'''
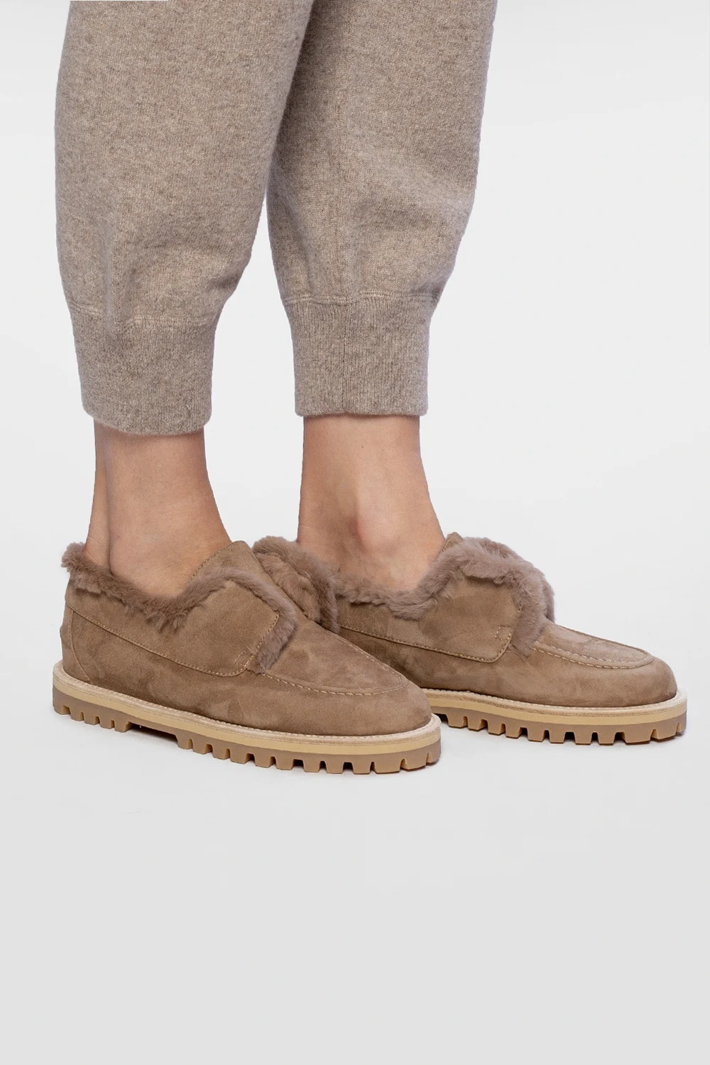 Jasnobrązowe, skórzane mokasyny, model ‘Yacht’ Le Silla. Wykończone futrem. Okrągły nosek. Beżowa, gumowa podeszwa.
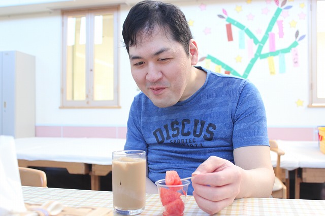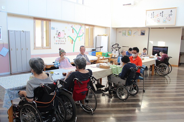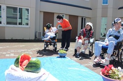 中庭の真ん中にドン!と置かれた大きなスイカに向け利用者の皆さんに準備した色んな棒で割ってもらいました(^^♪
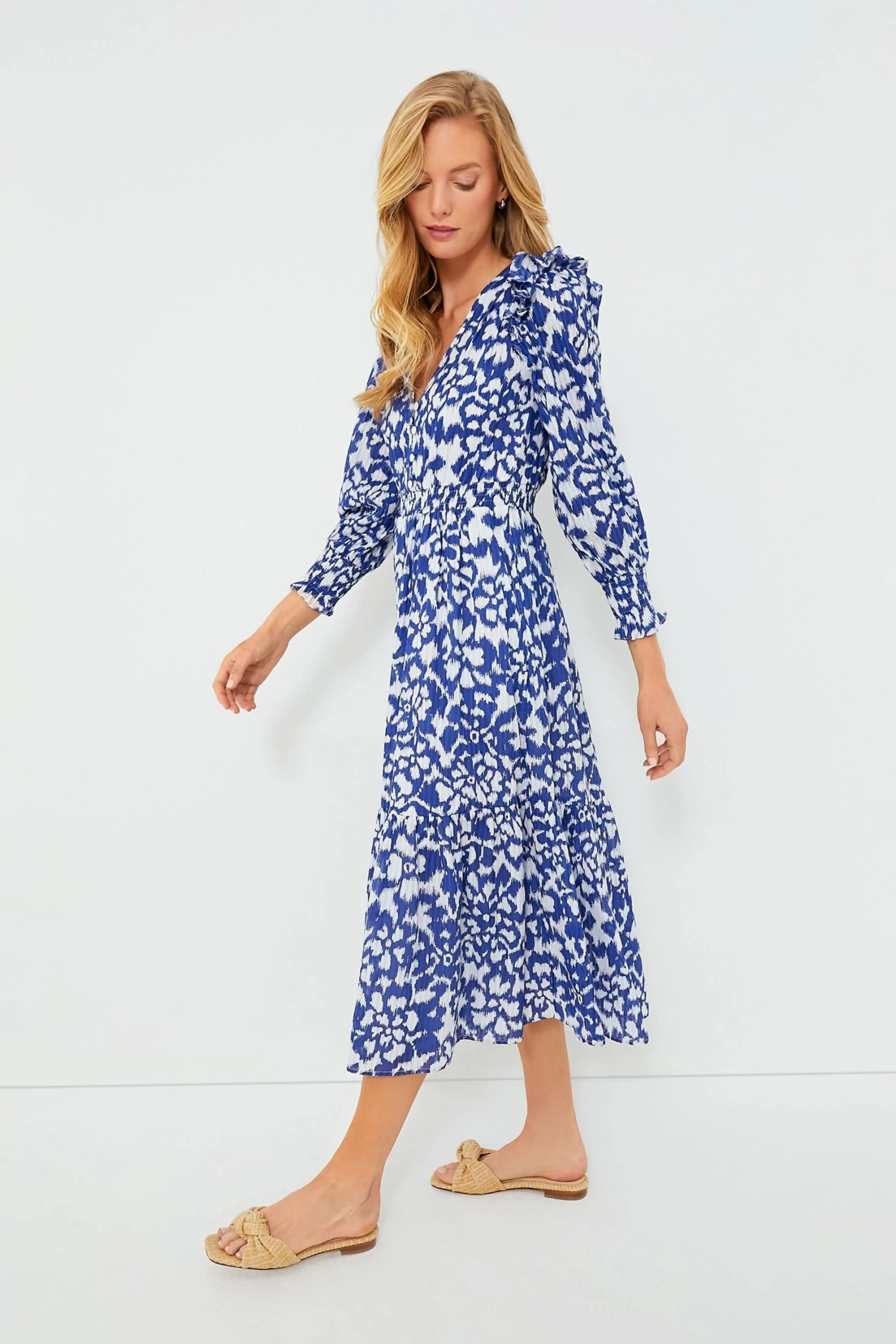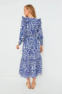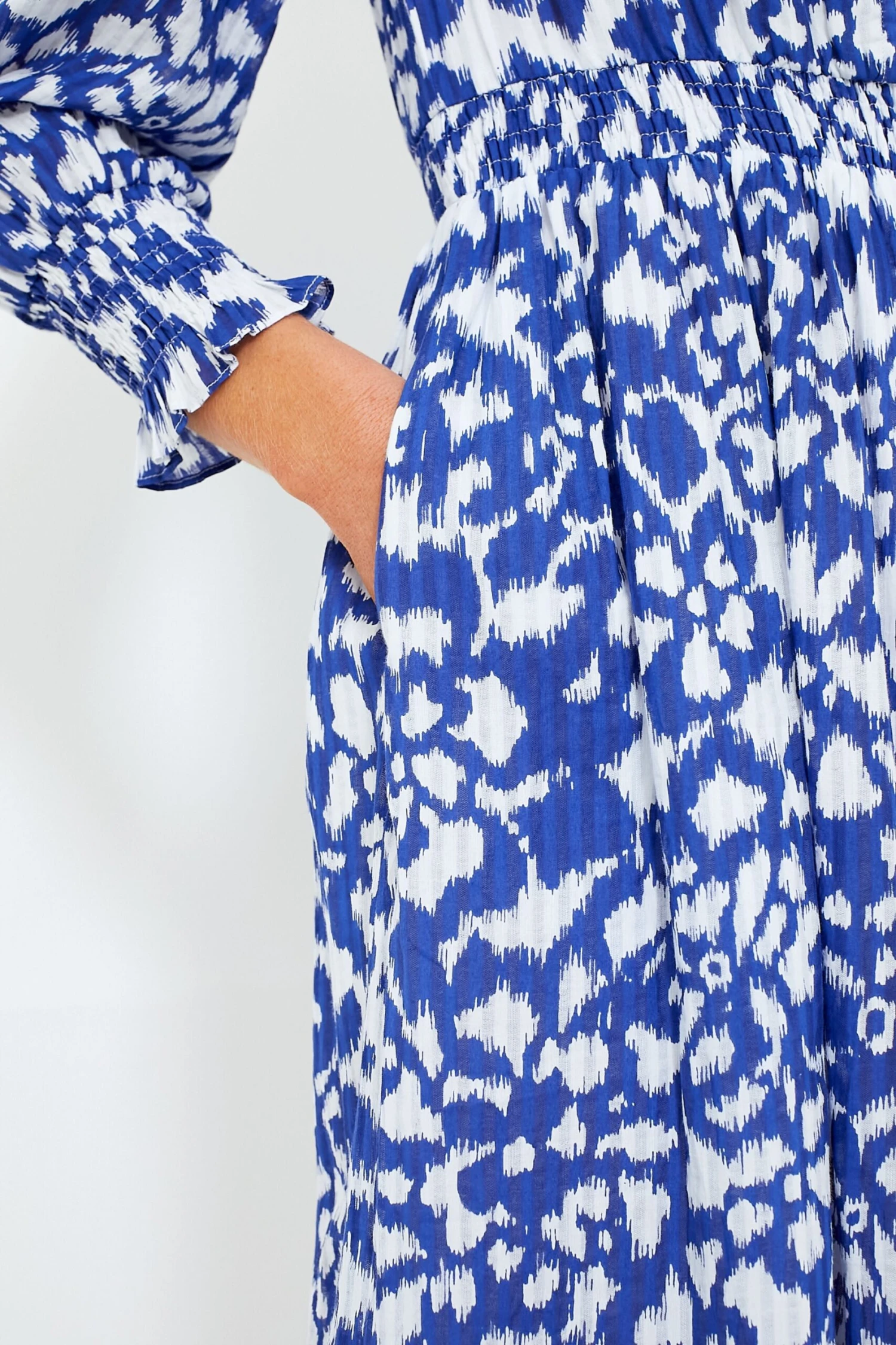 The Bluing Pearl Dress is a perfect go-to midi for dressing up or down, boasting an effortless silhouette with a charming Ikat floral print. The V-neckline, blouson sleeves, elasticated waist and cuffs, and a softly voluminous tiered skirt create a flattering shape that can be worn for occasion after occasion. We are styling this with raffia accessories for a vacation look, or with heels and gold hoops for a dinner date.Â
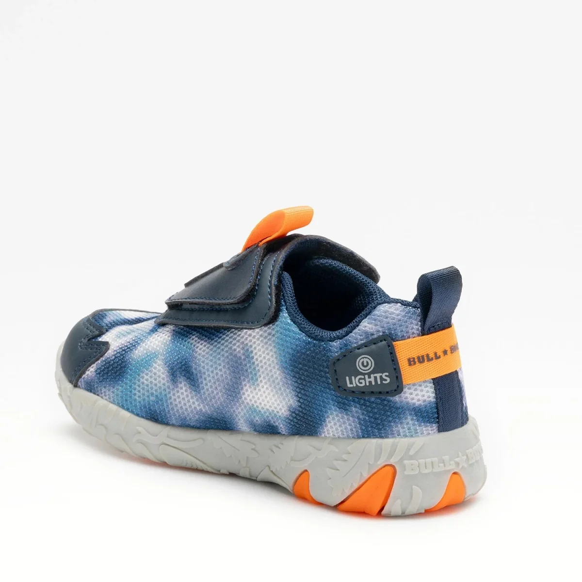 Scarpe BULL BOYS triceratopo con luci che si attivano a contatto con il suolo, impronta sul fondo, linguette intercambiabili con velcro.
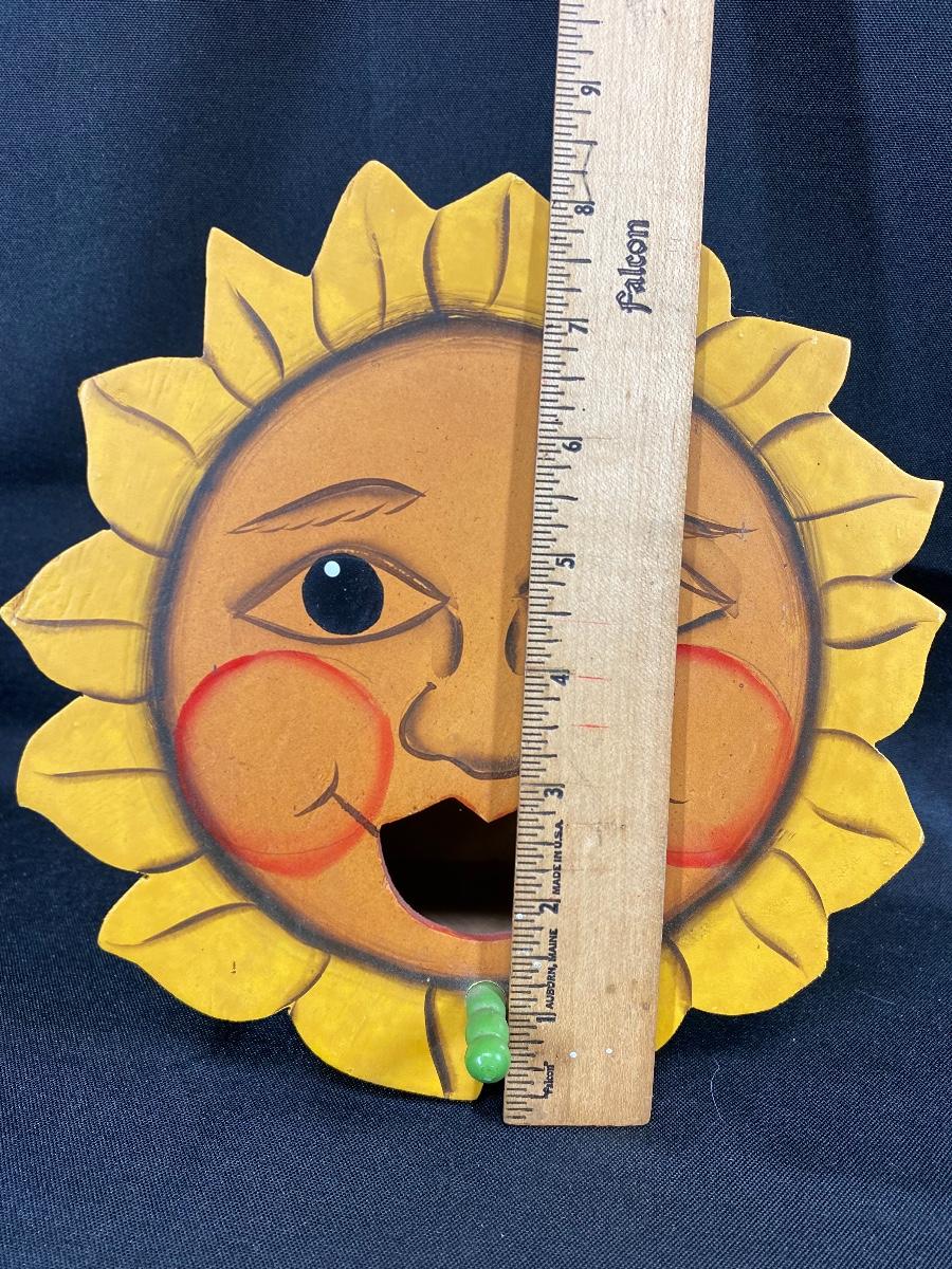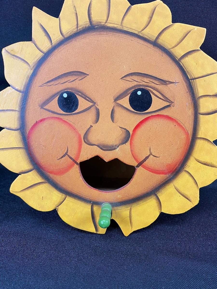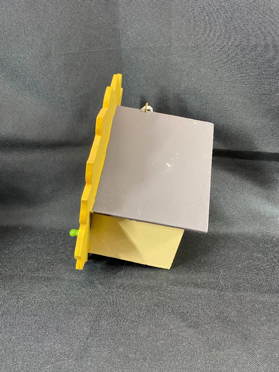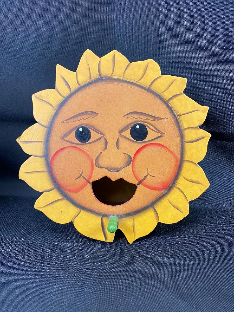 Super cute happy face sunflower birdhouse. Good condition. Can be hung. About 8" size.
'''
Leave the images out and print each entry exactly.

- **ANSWER SPACE**
 Jasnobrązowe, skórzane mokasyny, model ‘Yacht’ Le Silla. Wykończone futrem. Okrągły nosek. Beżowa, gumowa podeszwa.
 中庭の真ん中にドン!と置かれた大きなスイカに向け利用者の皆さんに準備した色んな棒で割ってもらいました(^^♪
 The Bluing Pearl Dress is a perfect go-to midi for dressing up or down, boasting an effortless silhouette with a charming Ikat floral print. The V-neckline, blouson sleeves, elasticated waist and cuffs, and a softly voluminous tiered skirt create a flattering shape that can be worn for occasion after occasion. We are styling this with raffia accessories for a vacation look, or with heels and gold hoops for a dinner date.Â
 Scarpe BULL BOYS triceratopo con luci che si attivano a contatto con il suolo, impronta sul fondo, linguette intercambiabili con velcro.
 Super cute happy face sunflower birdhouse. Good condition. Can be hung. About 8" size.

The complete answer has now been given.